*EXTRACTED DATA:*
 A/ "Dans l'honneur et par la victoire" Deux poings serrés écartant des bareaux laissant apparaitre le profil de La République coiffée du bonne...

==

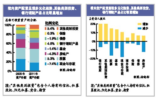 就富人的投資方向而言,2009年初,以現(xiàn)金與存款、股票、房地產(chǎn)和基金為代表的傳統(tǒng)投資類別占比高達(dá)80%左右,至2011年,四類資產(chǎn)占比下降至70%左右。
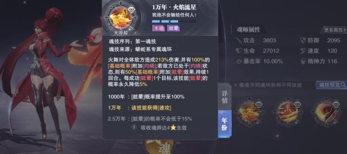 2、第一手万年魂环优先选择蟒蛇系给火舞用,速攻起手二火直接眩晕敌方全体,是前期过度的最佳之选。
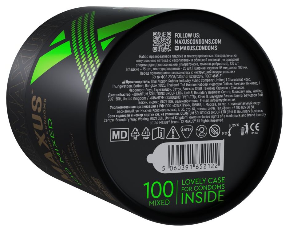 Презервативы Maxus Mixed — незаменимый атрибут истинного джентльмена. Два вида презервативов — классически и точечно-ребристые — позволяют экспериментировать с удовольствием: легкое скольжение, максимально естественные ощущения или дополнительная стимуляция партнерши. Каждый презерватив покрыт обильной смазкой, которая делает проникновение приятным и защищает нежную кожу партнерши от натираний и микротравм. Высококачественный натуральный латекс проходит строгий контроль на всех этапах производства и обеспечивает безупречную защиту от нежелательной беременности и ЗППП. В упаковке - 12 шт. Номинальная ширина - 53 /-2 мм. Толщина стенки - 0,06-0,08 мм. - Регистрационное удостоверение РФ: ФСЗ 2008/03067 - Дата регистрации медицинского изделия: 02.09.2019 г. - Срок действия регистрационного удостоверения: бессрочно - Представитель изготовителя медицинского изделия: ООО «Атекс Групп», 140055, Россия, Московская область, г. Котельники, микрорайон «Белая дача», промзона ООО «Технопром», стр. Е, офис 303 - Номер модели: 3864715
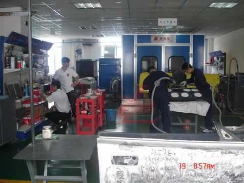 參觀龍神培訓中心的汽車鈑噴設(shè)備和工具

==

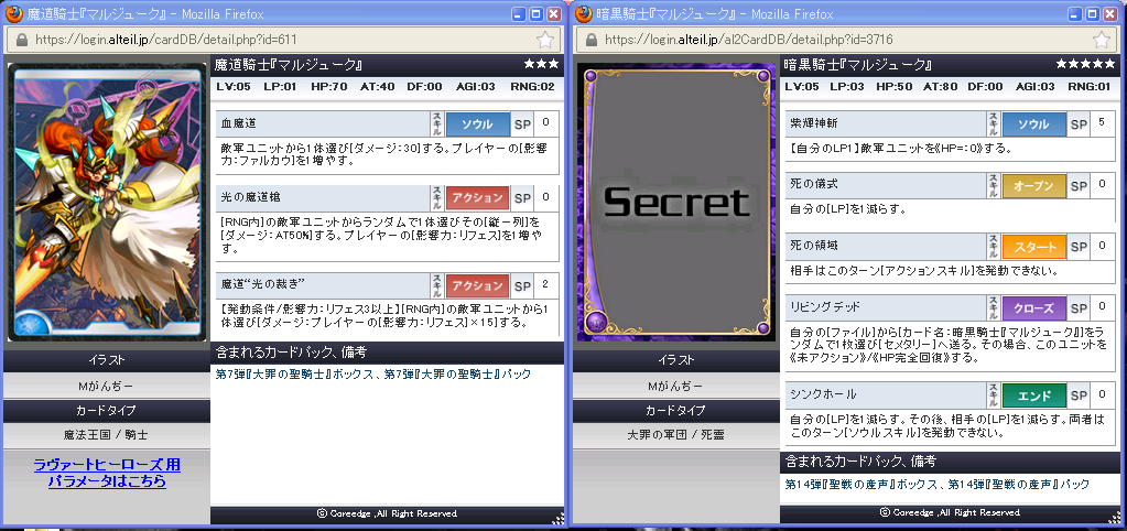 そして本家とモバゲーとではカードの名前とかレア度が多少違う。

*TASK PROMPT:*
With the pictures omitted, copy exactly the lines of the listing above starting at the line containing "2、第一手万年魂环优先选择蟒" and ending at the line containing "參觀龍神培訓中心的汽車鈑噴設(shè)備和工具", both included.

*EXERCISE ANSWER:*
 2、第一手万年魂环优先选择蟒蛇系给火舞用,速攻起手二火直接眩晕敌方全体,是前期过度的最佳之选。
 Презервативы Maxus Mixed — незаменимый атрибут истинного джентльмена. Два вида презервативов — классически и точечно-ребристые — позволяют экспериментировать с удовольствием: легкое скольжение, максимально естественные ощущения или дополнительная стимуляция партнерши. Каждый презерватив покрыт обильной смазкой, которая делает проникновение приятным и защищает нежную кожу партнерши от натираний и микротравм. Высококачественный натуральный латекс проходит строгий контроль на всех этапах производства и обеспечивает безупречную защиту от нежелательной беременности и ЗППП. В упаковке - 12 шт. Номинальная ширина - 53 /-2 мм. Толщина стенки - 0,06-0,08 мм. - Регистрационное удостоверение РФ: ФСЗ 2008/03067 - Дата регистрации медицинского изделия: 02.09.2019 г. - Срок действия регистрационного удостоверения: бессрочно - Представитель изготовителя медицинского изделия: ООО «Атекс Групп», 140055, Россия, Московская область, г. Котельники, микрорайон «Белая дача», промзона ООО «Технопром», стр. Е, офис 303 - Номер модели: 3864715
 參觀龍神培訓中心的汽車鈑噴設(shè)備和工具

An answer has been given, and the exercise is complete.